My pads
Getting to do plain text editing is something of a feat—with a myriad of exotic editors these days, who wants to know about plain text editors? They offer no pizzazz. But we still use them to write our scratchy notes, progress updates, hourly reports, grocery list, passwords, and things that you just write and forget. Following are my picks for the mundane work (and no, I stopped using Notepad a long time ago):
Metapad — This tiny application permanently rests on my desktop and is part of the minimum stuff that I carry in my usb key-drive. My one-tool for all non-business editing. It offers everything. Dual font, transparency, a very functional toolbar and very much customizable functions.

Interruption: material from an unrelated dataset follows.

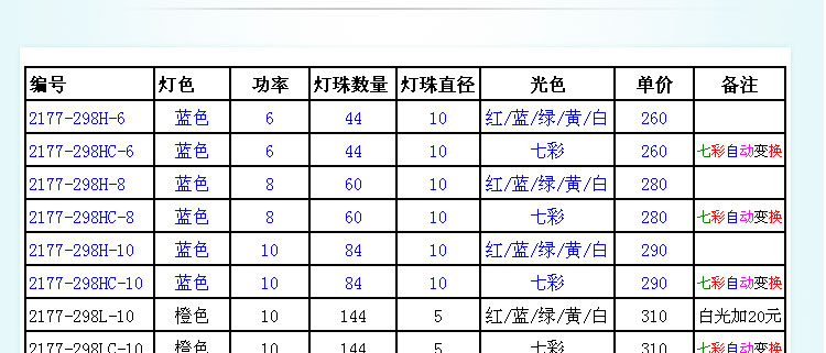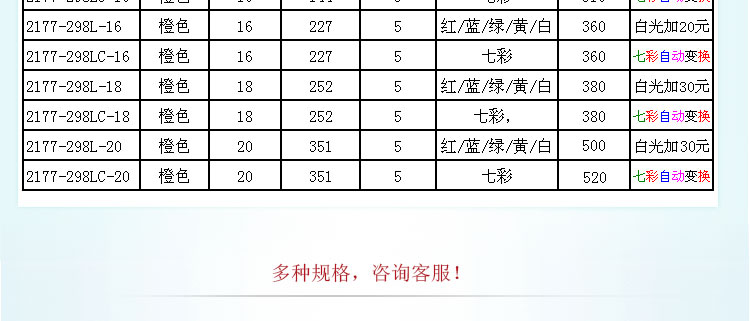 光色:七彩、單色(紅/藍(lán)/綠/黃/白)

Textpad — I use this tool mainly for business (or my kind of work). This tool has everything. It can load files virtually of any size limited only by RAM (I need this since my FEM run outputs sometimes run in hundreds of megabytes of plain text! No kidding). It has a full macro support that you can customize. It has column selection i.e., cut and paste a column of text just like you’d do in Excel. This is one feature enough to let go of all other editors that you might have. My work data is mostly in columns: coordinates, member incidences, material properties, member overrides, loads: structural, environmental (wind, wave and current), inertia and seismic, virtually all info is in column structure and it’s extremely useful in doing stuff, copying and pasting from Textpad to Excel and vice versa. I could do this in Word (yes, you can do this in word, just hold alt key before doing column selection), but try opening a 200MB plain text file in it and you’ll know what I mean =).
In addition, you can have custom syntax (see the syntax files that I created for SACS and USFOS at textpad.com) that highlight the key or command text while editing. I’ve been using textpad for css, xhtml and js markup in addition to editing input files, viewing and porting data.